## Task to carry out:
Transcribe word for word the lines below from the line with "разноцветные волны. |" through the line with "據(jù)茂名市公安局經(j", ends included.

## Entries supplied:
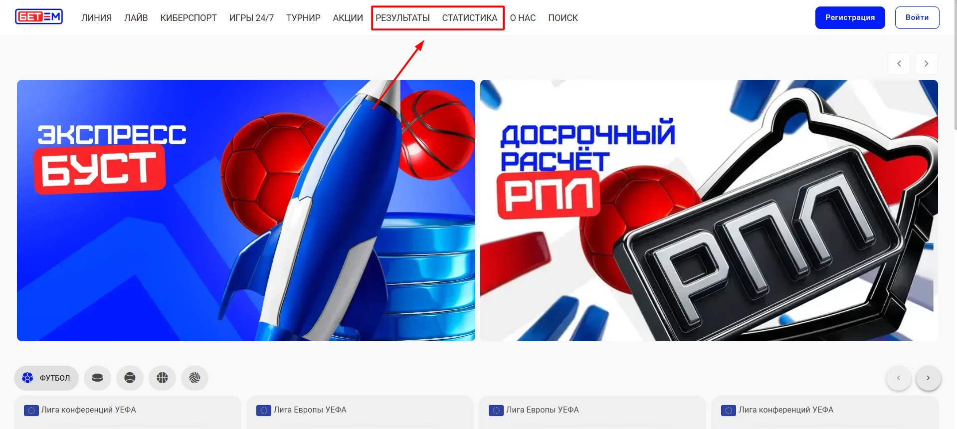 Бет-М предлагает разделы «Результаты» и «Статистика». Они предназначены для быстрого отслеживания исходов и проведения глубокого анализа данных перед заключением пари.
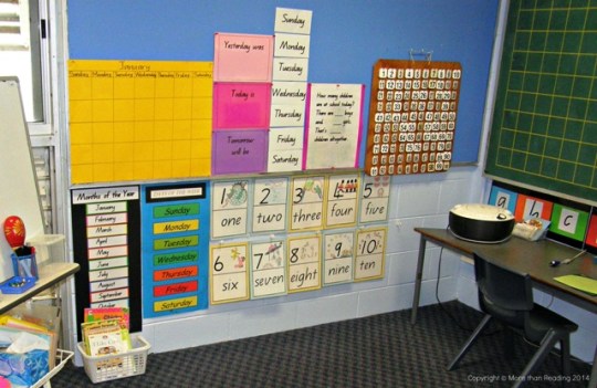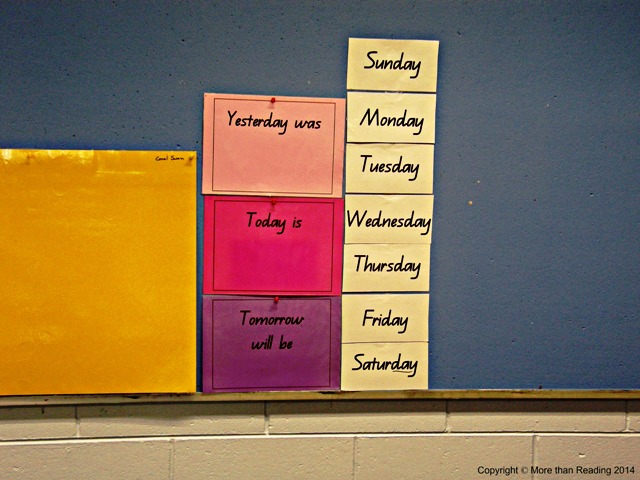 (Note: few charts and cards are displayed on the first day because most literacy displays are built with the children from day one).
* * *
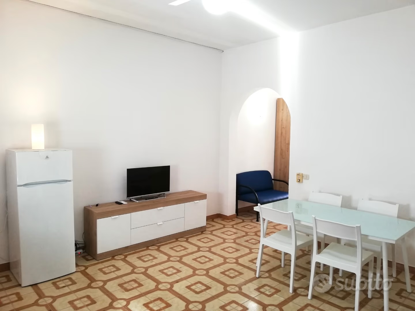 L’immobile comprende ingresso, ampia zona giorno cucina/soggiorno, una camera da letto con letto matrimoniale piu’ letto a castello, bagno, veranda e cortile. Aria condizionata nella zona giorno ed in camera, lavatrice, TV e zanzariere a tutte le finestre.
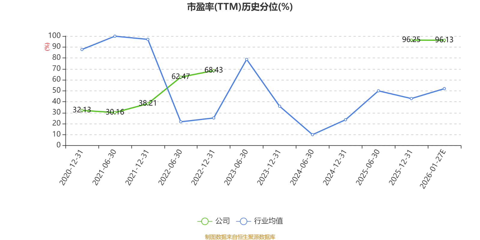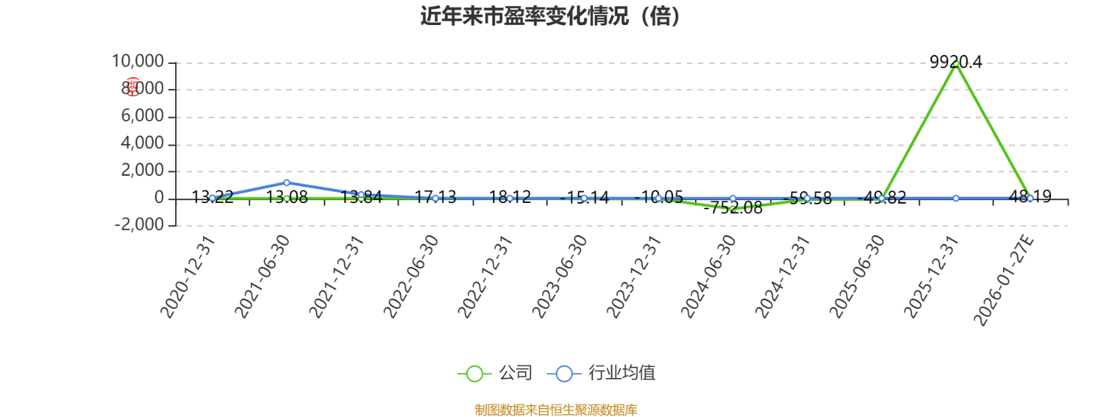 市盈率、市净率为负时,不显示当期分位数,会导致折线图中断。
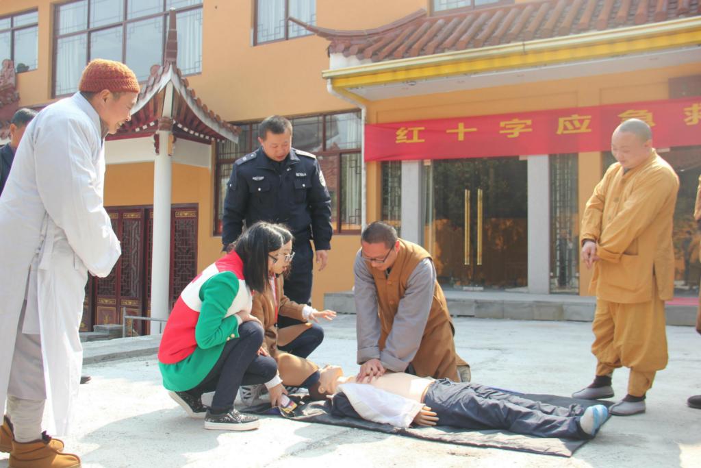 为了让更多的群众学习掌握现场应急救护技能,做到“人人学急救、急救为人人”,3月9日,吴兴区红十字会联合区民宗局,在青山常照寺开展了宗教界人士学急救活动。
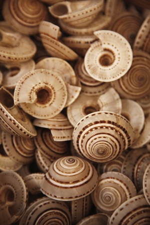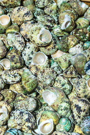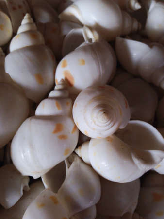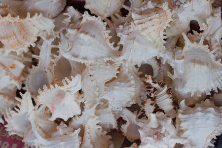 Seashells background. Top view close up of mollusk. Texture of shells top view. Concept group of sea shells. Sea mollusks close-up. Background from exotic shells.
--
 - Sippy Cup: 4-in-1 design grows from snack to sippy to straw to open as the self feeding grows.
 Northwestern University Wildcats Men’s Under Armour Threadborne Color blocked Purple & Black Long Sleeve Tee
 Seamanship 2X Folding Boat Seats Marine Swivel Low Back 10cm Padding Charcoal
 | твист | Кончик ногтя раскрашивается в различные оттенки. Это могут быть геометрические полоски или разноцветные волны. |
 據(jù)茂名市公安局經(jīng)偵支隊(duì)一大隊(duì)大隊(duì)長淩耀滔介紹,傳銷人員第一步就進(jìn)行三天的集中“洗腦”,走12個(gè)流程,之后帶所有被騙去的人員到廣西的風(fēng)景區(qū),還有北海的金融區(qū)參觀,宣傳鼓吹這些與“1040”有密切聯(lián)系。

## Task output:
 | твист | Кончик ногтя раскрашивается в различные оттенки. Это могут быть геометрические полоски или разноцветные волны. |
 據(jù)茂名市公安局經(jīng)偵支隊(duì)一大隊(duì)大隊(duì)長淩耀滔介紹,傳銷人員第一步就進(jìn)行三天的集中“洗腦”,走12個(gè)流程,之后帶所有被騙去的人員到廣西的風(fēng)景區(qū),還有北海的金融區(qū)參觀,宣傳鼓吹這些與“1040”有密切聯(lián)系。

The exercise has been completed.